I will be 40 years old in February. I am just sitting here thinking about the differences that my son will have that I did not enjoy but have seen come to fruition in my lifetime. I know this is nothing new and generation after generation have the same speech but now I do see the wonder of it as technology and societal mores change and advance. I want to catalog this so when I give my son the "In my day" speech I'll have footnotes to review since I don't have the sharpest of memories right now and don't see that as reversing any time soon.
The first thing I will mention is television, or I should say: Television. I capitalize it because Television is such a mainstay in my life.
As a youth it was television, a large wooden piece of furniture housing smaller tubes and little electronic components surrounding a large picture tube.
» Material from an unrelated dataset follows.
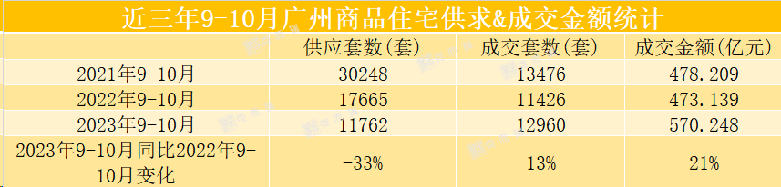 从成交数据来看,根据克而瑞最新数据监测,今年9-10月,广州商品住宅供应量为11762套,同比下降33%;成交达到12960套,同比增长13%;成交金额570.248亿元,同比增长21%,创下近三年新高。

You would have to walk to it to turn it on, waiting the few minutes it took for the CRT to warm up. Our family was on the low end of middle class so we had a black and white set instead of the nice color sets. When the picture would start to lose its horizontal or vertical hold a slap or kick on the side of the set would fix it.
Once it warmed up we had a smorgasbord of options to view, within the 3 major networks, 3 smaller local networks and 3 public television networks along the VHF and UHF airwave spectrums we had availble to us. Television began broadcasting between 5:00 and 6:00 in the morning and stopped at 3:00 or 4:00, and those were the major stations, the smaller ones began later and ended earlier.
That was broadcast television in the 60's and 70's. There was no cable television, with Manhattan being the sole exception. All sports events were aired on regular broadcast television. The only major cable station was HBO which was captured with an antenna, hundreds of antennas sprewn about the outer boroughs aimed towards the Empire State Building. Our first color television was a small 9 inch television which sat on top of the big black and white set.
Friday and Saturday nights was for Creature Features. Saturday mornings was the day for cartoons. All morning long, cartoons. Sunday mornings was for the Bowery Boys (East Side Kids) and Abbot and Costello. On Thanksgiving day, cartoons would air as well. Christmas was the season for Rankin-Bass, the company that seemed to only work with claymation. Also on Christmas was the venerable March of the Wooden Soldiers: Laurel and Hardy, and It's a Wonderful Life. All day long on any station that you would turn to you would find It's a Wonderful Life.
Television is a bigger thing now, a media Juggernaut that sweeps along at 500 channels. A multimedia conglomerate that pushes itself along lobbying for regulation and then lobbying for deregulation and then lobbying for regulation again in 12 year cycles, each time saying it is for the consumers benefit. In all these years the only people I've seen benefit are the television and cable stations. The consumers always end up paying more and more. It's always the consumers that foot the bill for television's expansion, both in the form of monthly fees and taxes. That's why I now call it Television with a capital T.